Ever since Lock, Stock came cockneying onto the silver screen back in ’98, Britain has spent ages chugging out shoddy gangster tat before the fascination with West End wise guys dwindled. As the subsequent years saw the odd horror here, a mildly amusing comedy there, Britain’s filmmakers seem to have struggled to find a genre to latch onto and milk for all it’s worth.
Just as it seemed our nation’s film industry was a captainless, directionless ship, along comes Dominic Burns to take the wheel. Saving us all from the monotony of having to endure the same type of film again and again, Burn’s throws caution to the wind, chucks every genre into a blender and hits ‘frappe’ before pouring out the blood-red result Airborne. Unfortunately, rather than being the symphony of flavours that Burns intended, it just tastes like a big shit smoothie.

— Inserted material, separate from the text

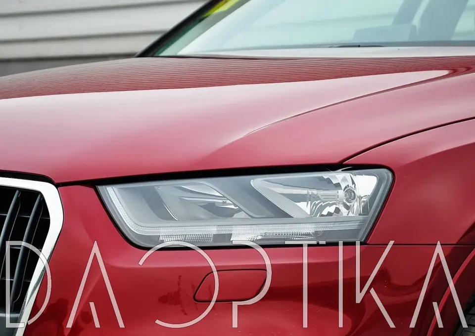 Стекло левой фары из оптического поликарбоната с защитным лаком для замены оригинального стекола фары на Audi Q3 2011-2014 8U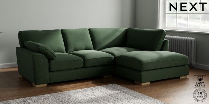 7.3.1 Buy Stamford Grand Relaxed Sit Medium Corner Chaise - Right Hand Fine Chenille Easy Clean Mid Khaki Green Large Square Angle - Light from the Next UK online shop Click here to use our accessible website

Mixed metaphors aside, Airborne really is an absolute dog of a film. The action starts off in East Midlands Airport (as most good films do) where severe weather has grounded all flights. For some unknown reason though, a flight bound for New York has been allowed to take off even though it’s only got seven or so passengers, the cabin crew (including a phoney steward that’s just waltzed onto the flight) and some mysterious cargo on board. Once up in the air, things take a nasty turn when one passenger vanishes and the entire cabin crew fails to give a toss.

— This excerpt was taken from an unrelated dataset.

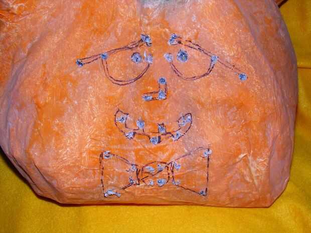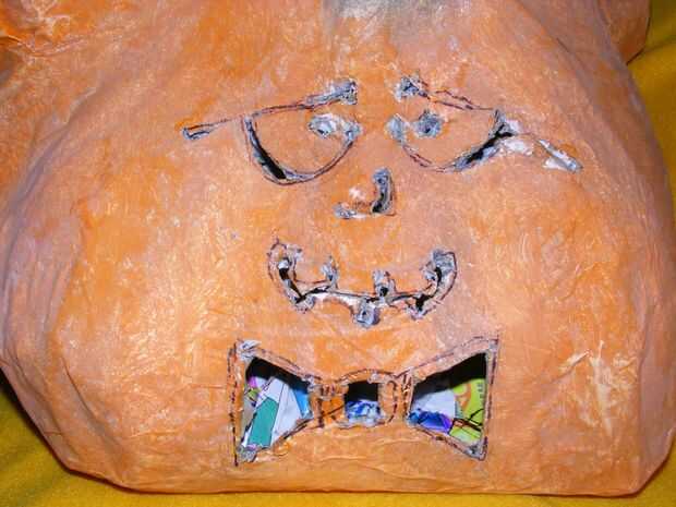 Tallar al igual que un jack-o-linterna tradicional. Usé pintura para destacar las aberturas.

Things go from bad to worse as one passenger notices that the plane has turned off course (as he can tell when a plane rotates just a few degrees) and before you know it, everyone is trying to murder each other in an effort to get their hands on a mysterious vase that’s…wait for it…harbouring the malevolent spirit of an evil Chinese god. All the while, air traffic control are trying to decide whether or not to blow the plane to kingdom come. A documentary it is not.
Airborne’s problem isn’t really its lack of believability, it’s just that while Burns is clearly aware of how daft the premise is, the cast aren’t. Gemma Atkinson, hot as she me be, proves that her acting chops haven’t developed a bit since her Hollyoaks days, while the rest of the players ladle on the melodrama nice and thick treating their role like it’ll be their big break. As a result, the film suffers badly from not seeming to have its tongue wedged in its cheek, as it unyieldingly serves up nugget after nugget of crap. Compounding the issue, there are about 45 twists per minute, shonky CG effects and a heap of clichés getting checked off. It leaves Airborne as an incoherent mess that tries to be part Hitchcock, part Snakes on a Plane and ends up being no good.
Extras-wise, all you get is a truly awful trailer that implies that the film is going to focus on Air Traffic Control deciding whether or not to bring the plane down yet still manages to spoil most of the movie’s twists.
Overall verdict: A supernatural, horrific, gory, gangster thriller that tries to cover all bases and comes up short – leaving Airborne as an ironic title as you’ll want to throw the disc as far away as possible.